Estimate the PH and the fraction in terms of percentage of CH3COOH molecules deprotonated in 0.2M CH3COOH.ka=1.8x10^-5

To estimate the pH and fraction of CH3COOH molecules deprotonated, we can use the equation for the dissociation of acetic acid (CH3COOH) in water:

CH3COOH + H2O ↔ CH3COO- + H3O+

Since Ka = [CH3COO-][H3O+]/[CH3COOH], we can calculate the concentration of CH3COO- and H3O+ at equilibrium.

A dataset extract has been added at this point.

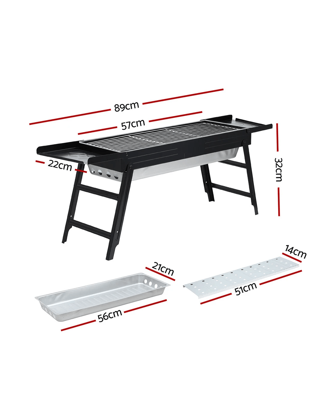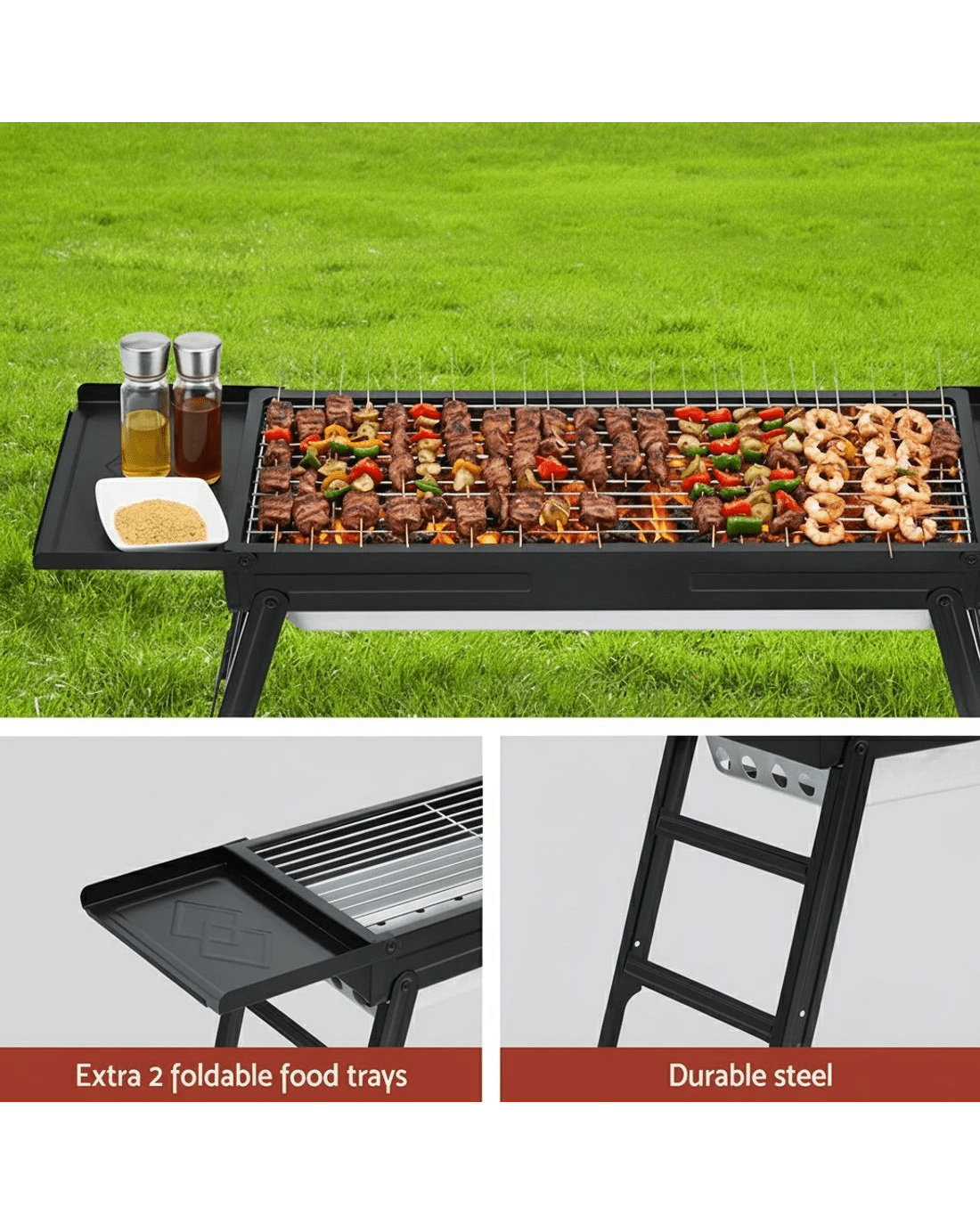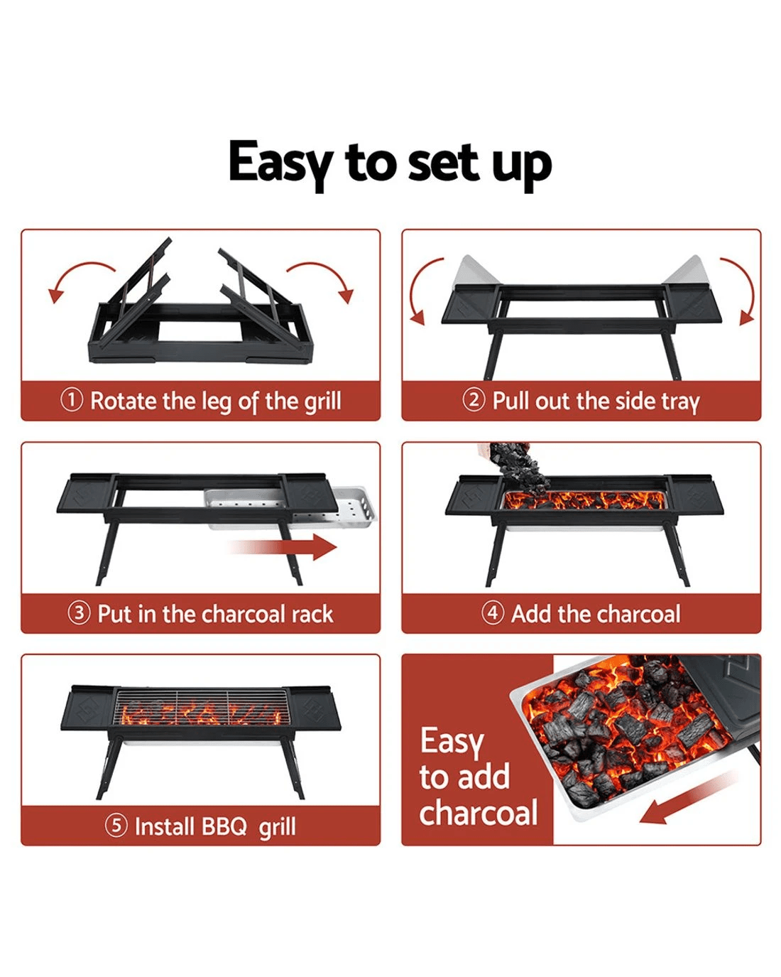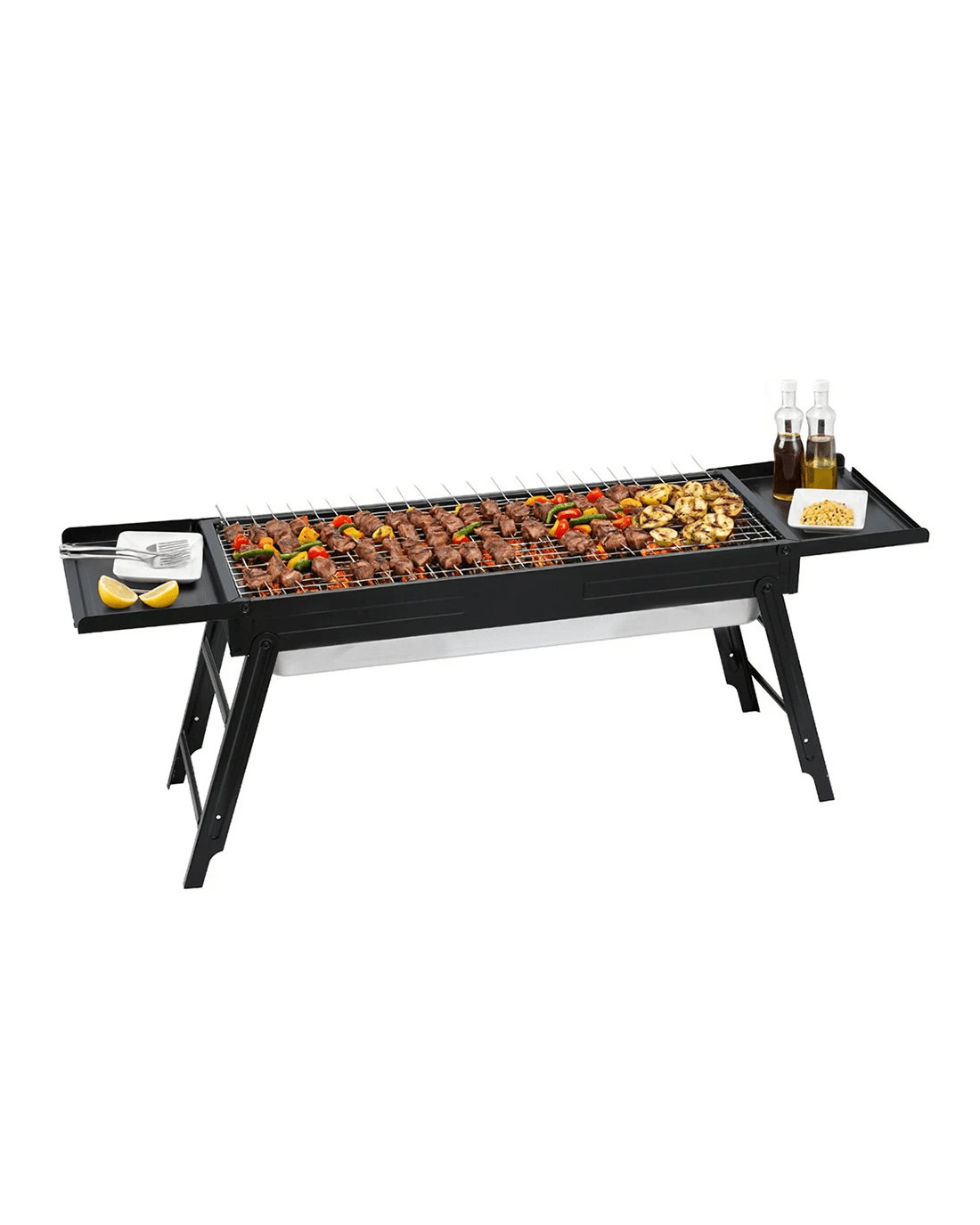 What could be better than an outdoor BBQ in the summer? The Grillz Foldable BBQ Grill is the product to have this season, whether you're planning an outdoor feast or you need a quick cooking solution on outdoor. It features a durable black steel base with food-grade stainless steel racks for delicious grilled meat and vegetables. Plus, two extra food trays for placing condiments, food. It includes a removable ashtray for easy cleaning and maintenance. It ensure good ventilation at the bottom that allows oxygen to flow in and feed the fire. Get your grill on this summer with a Grillz Foldable BBQ Grill!

Let x = concentration of CH3COO- and H3O+ at equilibrium

The initial concentration of CH3COOH is given as 0.2M, and since CH3COOH is a weak acid, we can assume that x << 0.2M. Therefore, the concentration of CH3COO- and H3O+ at equilibrium is approximately x.

Using the equilibrium constant (Ka = 1.8x10^-5), we can set up the equilibrium expression as:

1.8x10^-5 = x^2 / (0.2-x)

Since x << 0.2M, simplifying the equation gives:

1.8x10^-5 ≈ x^2 / 0.2

x ≈ sqrt(1.8x10^-5 * 0.2) ≈ 0.0085M

Now, to determine the fraction of CH3COOH molecules deprotonated, we can calculate the ratio of [CH3COO-] to the initial concentration of CH3COOH:

Fraction deprotonated = [CH3COO-]/[CH3COOH] ≈ x/0.2 ≈ 0.0085/0.2 ≈ 0.0425 or 4.25%

Therefore, approximately 4.25% of CH3COOH molecules are deprotonated in a 0.2M CH3COOH solution. To calculate the pH, we can use the equation:

pH = -log10([H3O+])

Since [H3O+] ≈ x = 0.0085M:

pH = -log10(0.0085) ≈ 2.07

Therefore, the estimated pH of a 0.2M CH3COOH solution is approximately 2.07.